(Dataset records)

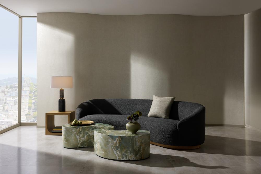 The yin and yang of design means flowing forms must be balanced with organic textures, and accents are always more impactful in pairs. This is why the faux marble Adeline was made as two parts of a whole. Crafted of concrete, it is both luxe and surprisingly lightweight. Adeline's jade marble-like façade is crafted through a process called hydrographics, assuring each piece will vary slightly in color and veining.
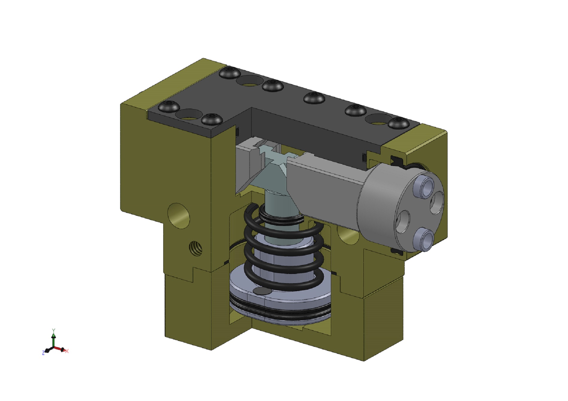 Il dispositivo meccanico di mantenimento della forza di presa garantisce un forza minima di presa anche in caso di perdita di pressione. Nella variante MC questa agisce come forza di chiusura, e nella variante MA come forza di apertura. La seguente immagine mostra la variante MC. Il mantenimento della forza di presa si può usare anche per aumentare la forza stessa di presa o semplicemente per una presa a effetto semplice.
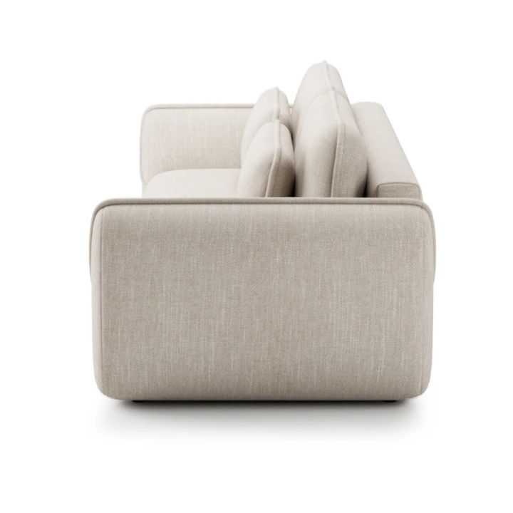 The distinctive stitching that connects the seat to the sides gives the sofa a sense of depth and enriches its texture. The wide, solid armrests not only provide comfortable support, but also enhance the expression characteristic of sofas with a distinct presence. The included lumbar cushions fit naturally into the soft lines of the furniture, enhancing the pleasure of use.
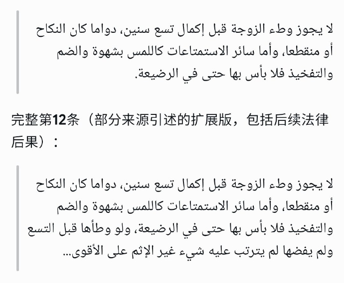 “在妻子未满九岁之前,不得与其发生性行为,无论婚姻是长期的还是临时的。至于其他的享受行为,如带有欲望的触摸、拥抱以及‘股间性交’(Tafkhiz),即便是在其处于襁褓时期也是被允许的。如果在她未满九岁时与其发生了性行为,只要没有造成其身体损伤(撕裂),根据最强有力的教令观点,除了在宗教上被视为有罪外,并不会产生其他的法律后果……”
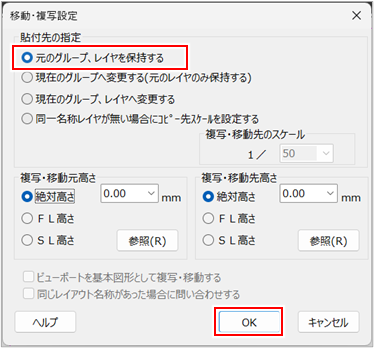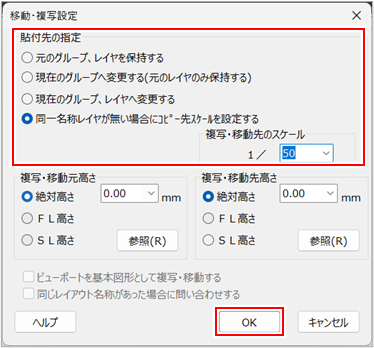 複写先図面での図形のグループ・レイヤ・作図スケールを設定し、[OK]ボタンをクリックします。
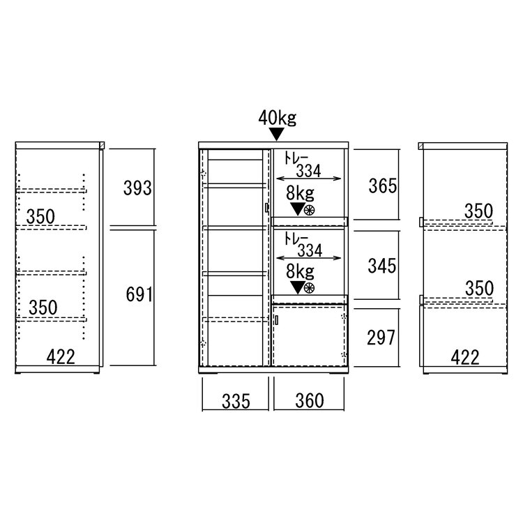 ●棚板耐荷重:10kg
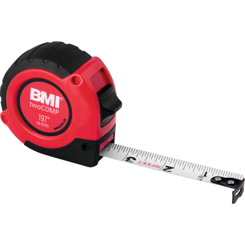 Flessometro tascabile con lettura in pollici. Scala pollici/pollici (bordo superiore e inferiore). Meccanica robusta e pratico clip da cintura. Corpo in plastica ABS resistente agli urti con componenti morbidi antiscivolo per un utilizzo sicuro. Con bloccaggio del nastro e ritorno automatico smorzato. Nastro in acciaio bianco e opaco dove i pollici sono indicati in nero e i piedi in rosso. Dati tecnici Taratura G1 Tipo di prodotto Flessometro Altezza corpo, mm 36 Norma EG II Lunghezza del nastro, Zoll 192 Lunghezza del nastro, m 5 Larghezza del nastro, mm 19 Larghezza corpo, mm 70 Lunghezza corpo, mm 70
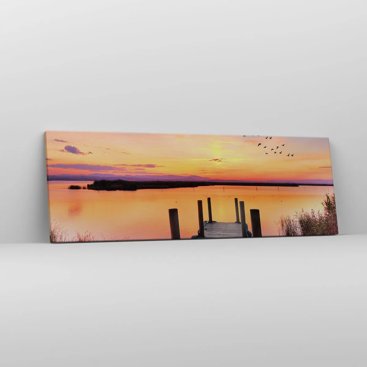 Bild auf Leinwand - Leinwandbild - Violette stille Morgendämmerung - 90x30 cm

» **Prompt**:
Please copy the lines above exactly as written, apart from any pictures.

» **Written answer**:
 The yin and yang of design means flowing forms must be balanced with organic textures, and accents are always more impactful in pairs. This is why the faux marble Adeline was made as two parts of a whole. Crafted of concrete, it is both luxe and surprisingly lightweight. Adeline's jade marble-like façade is crafted through a process called hydrographics, assuring each piece will vary slightly in color and veining.
 Il dispositivo meccanico di mantenimento della forza di presa garantisce un forza minima di presa anche in caso di perdita di pressione. Nella variante MC questa agisce come forza di chiusura, e nella variante MA come forza di apertura. La seguente immagine mostra la variante MC. Il mantenimento della forza di presa si può usare anche per aumentare la forza stessa di presa o semplicemente per una presa a effetto semplice.
 The distinctive stitching that connects the seat to the sides gives the sofa a sense of depth and enriches its texture. The wide, solid armrests not only provide comfortable support, but also enhance the expression characteristic of sofas with a distinct presence. The included lumbar cushions fit naturally into the soft lines of the furniture, enhancing the pleasure of use.
 “在妻子未满九岁之前,不得与其发生性行为,无论婚姻是长期的还是临时的。至于其他的享受行为,如带有欲望的触摸、拥抱以及‘股间性交’(Tafkhiz),即便是在其处于襁褓时期也是被允许的。如果在她未满九岁时与其发生了性行为,只要没有造成其身体损伤(撕裂),根据最强有力的教令观点,除了在宗教上被视为有罪外,并不会产生其他的法律后果……”
 複写先図面での図形のグループ・レイヤ・作図スケールを設定し、[OK]ボタンをクリックします。
 ●棚板耐荷重:10kg
 Flessometro tascabile con lettura in pollici. Scala pollici/pollici (bordo superiore e inferiore). Meccanica robusta e pratico clip da cintura. Corpo in plastica ABS resistente agli urti con componenti morbidi antiscivolo per un utilizzo sicuro. Con bloccaggio del nastro e ritorno automatico smorzato. Nastro in acciaio bianco e opaco dove i pollici sono indicati in nero e i piedi in rosso. Dati tecnici Taratura G1 Tipo di prodotto Flessometro Altezza corpo, mm 36 Norma EG II Lunghezza del nastro, Zoll 192 Lunghezza del nastro, m 5 Larghezza del nastro, mm 19 Larghezza corpo, mm 70 Lunghezza corpo, mm 70
 Bild auf Leinwand - Leinwandbild - Violette stille Morgendämmerung - 90x30 cm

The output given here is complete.